According to the previous report [
7], headache severity concurs with FM gravity, as expressed by the positive correlation between the MIDAS and the impact of FM on life functions. Although the findings reported by Marcus et al. [
8] did not support headache as an aggravating factor for FM, our data confirm that when headache is present its severity is linked to an increase in expression of FM symptoms. Our cases probably represent a subpopulation among FM patients, reporting headache as the most relevant problem, though in our opinion the relevance of headache features deserves much attention in FM series, for the large frequency of this symptom [
35]. Allodynia expressed during acute headache, correlated with the invalidity linked with diffuse pain. This correlation may suggest that the central sensitization phenomena occurring during headache may also worsen the sufferance linked with fibromyalgic pain.

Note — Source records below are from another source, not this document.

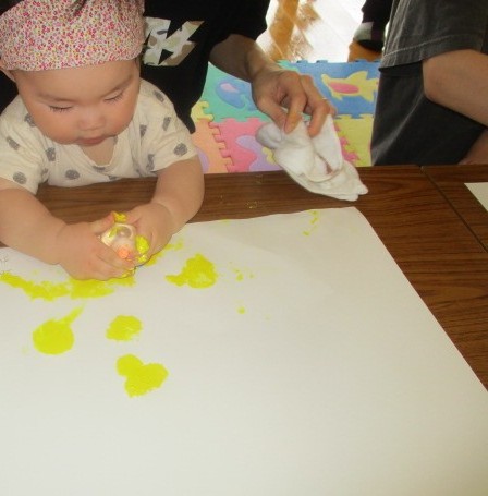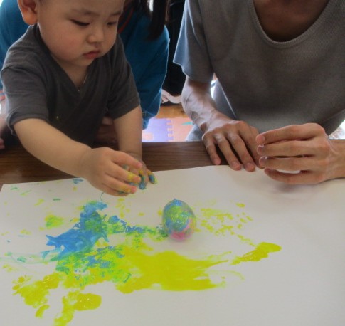 久しぶりのいちごたいむは「バルーンペインティング」しました。水風船を絵の具につけて遊びました。画用紙にポンポンと模様をつけてみたり、水風船をコロコロと転がしてみたりして楽しんでましたよ♪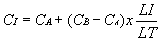 Los cargos de salida CI (capacidad en US$/KPCD-Año) y VI (uso en US$/KPC) en dicho nodo se calcularán a partir de los cargos de salida CA, CB (capacidad en los nodos A y B) y VA, VB (uso en los nodos A y B) mediante la siguiente fórmula: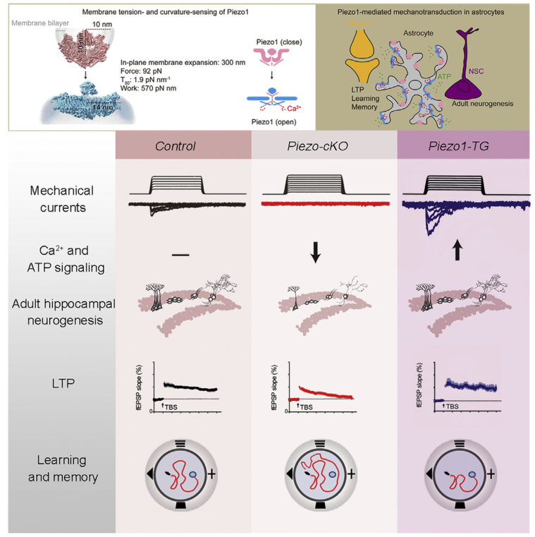 该研究于8月12日发表在《神经元》(Neuron)期刊上,标题为“Piezo1介导星形胶质细胞的机械信号传导并调节海马成体神经发生和认知功能”(Astrocytic Piezo1-mediated mechanotransduction determines adult neurogenesis and cognitive functions)。

An increased activation of the nociceptive system at central level may be a generalized phenomenon explaining a more severe impairment derived from diffuse muscle-skeletal pain. In future studies, it would be interesting to evaluate if the transformation of headache into whole-body allodynia/hyperalgesia during a migraine attack, mediated by sensitization of thalamic neurons, may be an aggravating factor for FM [
51].The degree of evoked pain at tender points, was correlated with pericranial tenderness, confirming that both symptoms are subtended by analogous mechanisms of muscular hyperalgesia [
32]. Frequency of headache seemed to concur with augmented pain evoked at tender points, suggesting that a generalized increment of pain sensitivity may develop with the increase in headache occurrence [
36]. A more robust correlation should be confirmed in larger multi-centre studies.